**YOUR ASSIGNMENT**
Retype every line of the data below, starting with the first and ending with the line that contains "6.70 gram 14", but leave out the pictures.

**COLLECTED MATERIAL**
▼▼▼

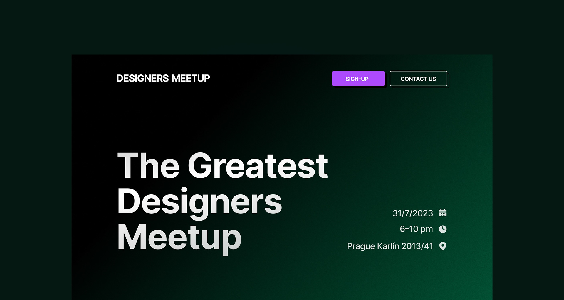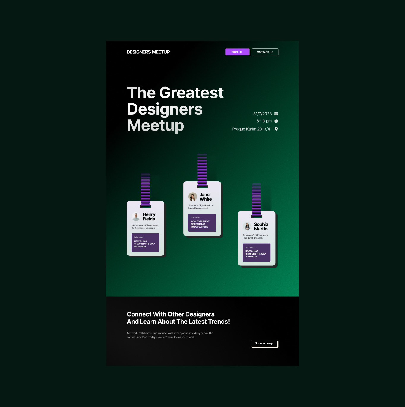This landing page concept was designed for a designers’ meetup in Prague, blending mystical tones with rich, grainy gradients to create a distinctive visual identity.
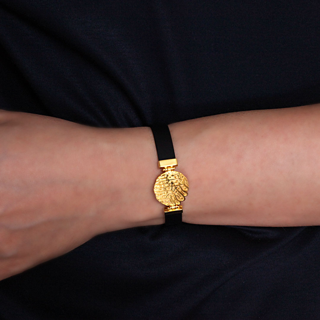 6.70 gram 14 Ayar altın besmele yazılı kauçuk bileklik ile manevi duygularınızı her an yanınızda hissedeceğiniz, duanın ve yaradanın koruyuculuğuna inanarak modellendirilmiş altın bileklik.
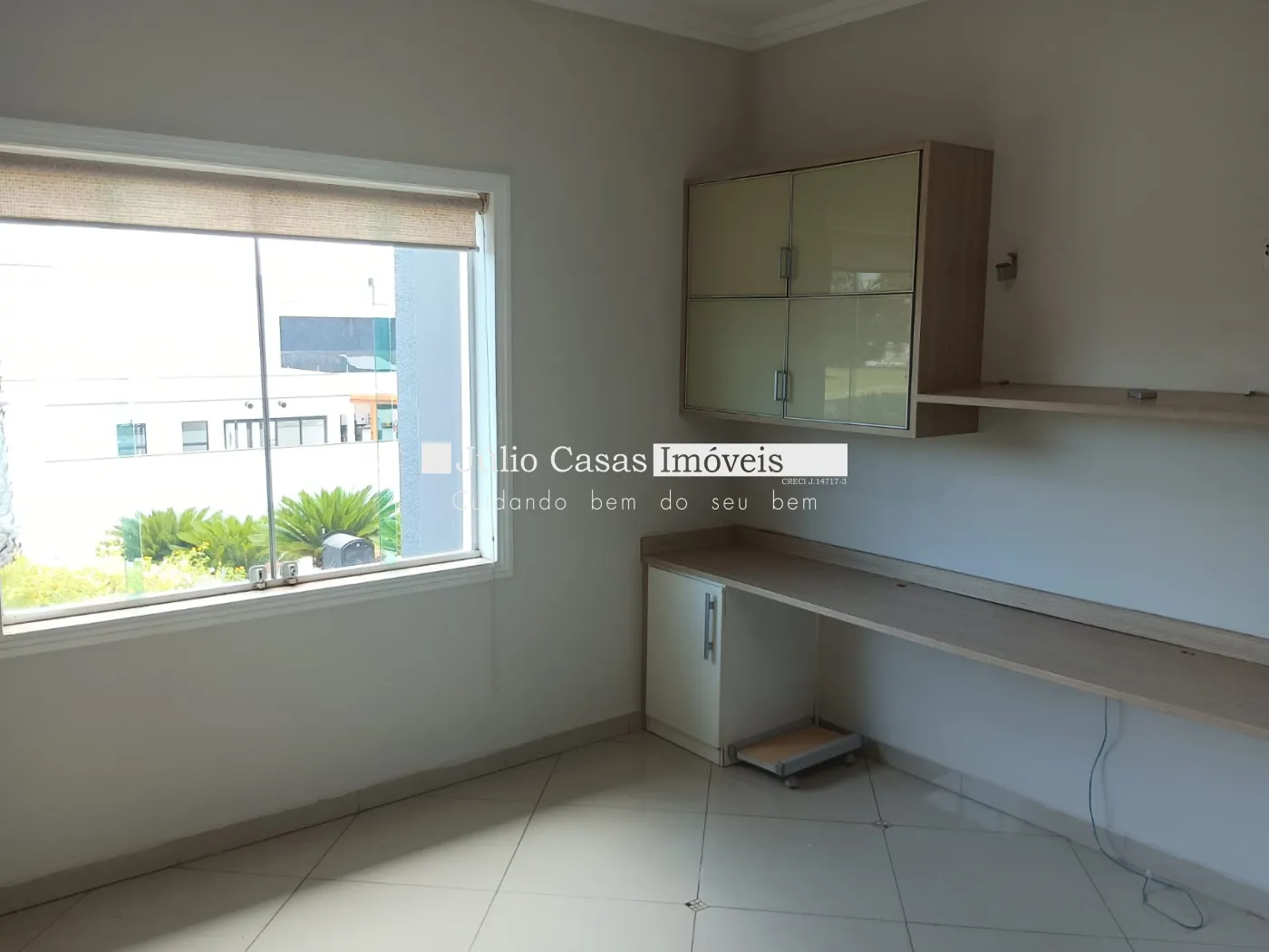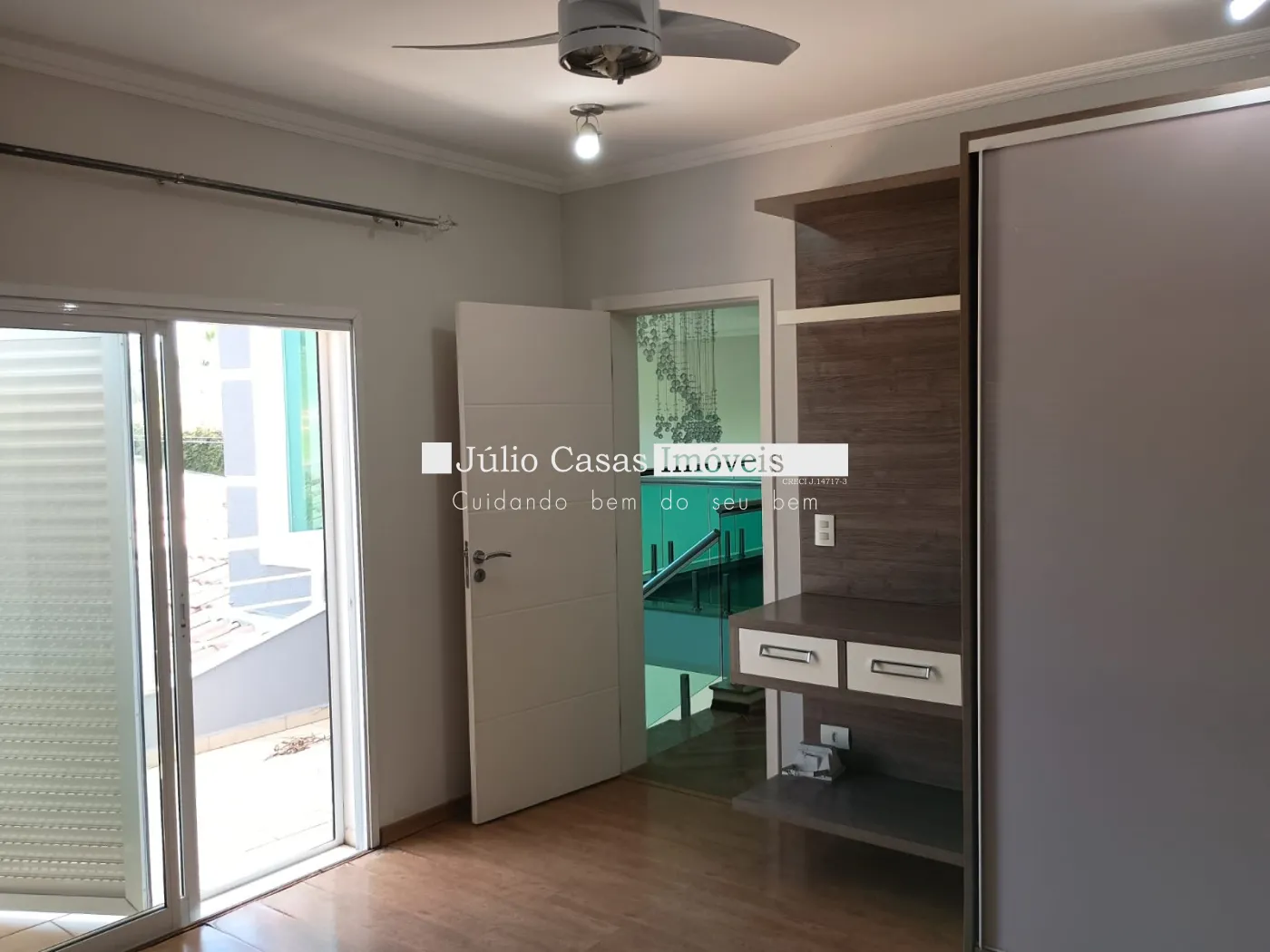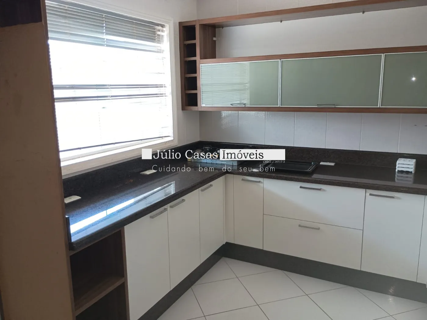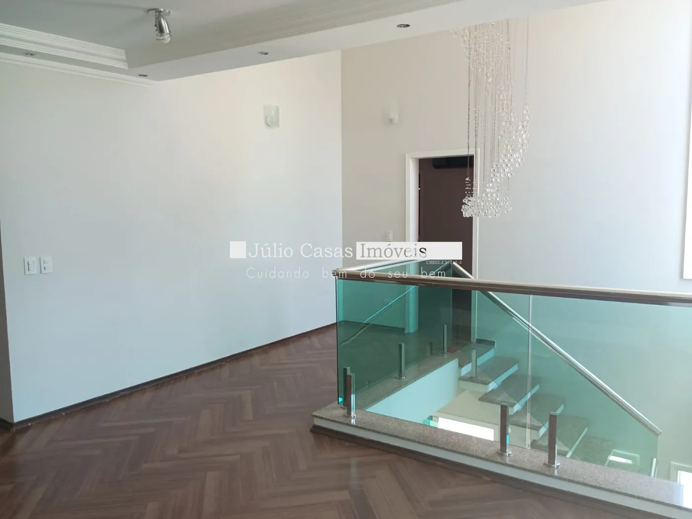 No andar térreo, há sala de jantar, sala de estar com lareira e com excelente iluminação natural, todas com piso em porcelanato. Além disso, um cômodo escritório, também com piso em porcelanato e repleto de armários modulados e ar condicionado. O térreo inclui ainda um lavabo, uma cozinha modulada estilo americano, uma despensa e uma lavanderia. No andar superior, encontram-se três dormitórios todos suítes com piso laminado, ar condicionado, varanda sendo uma suíte master com closet e hidromassagem. no hall de entrada para as suítes encontra-se uma sala de vídeo com piso em laminado de madeira, painel e ar condicionado.

▲▲▲

**RESPONSE FOR THIS EXERCISE**
This landing page concept was designed for a designers’ meetup in Prague, blending mystical tones with rich, grainy gradients to create a distinctive visual identity.
 6.70 gram 14 Ayar altın besmele yazılı kauçuk bileklik ile manevi duygularınızı her an yanınızda hissedeceğiniz, duanın ve yaradanın koruyuculuğuna inanarak modellendirilmiş altın bileklik.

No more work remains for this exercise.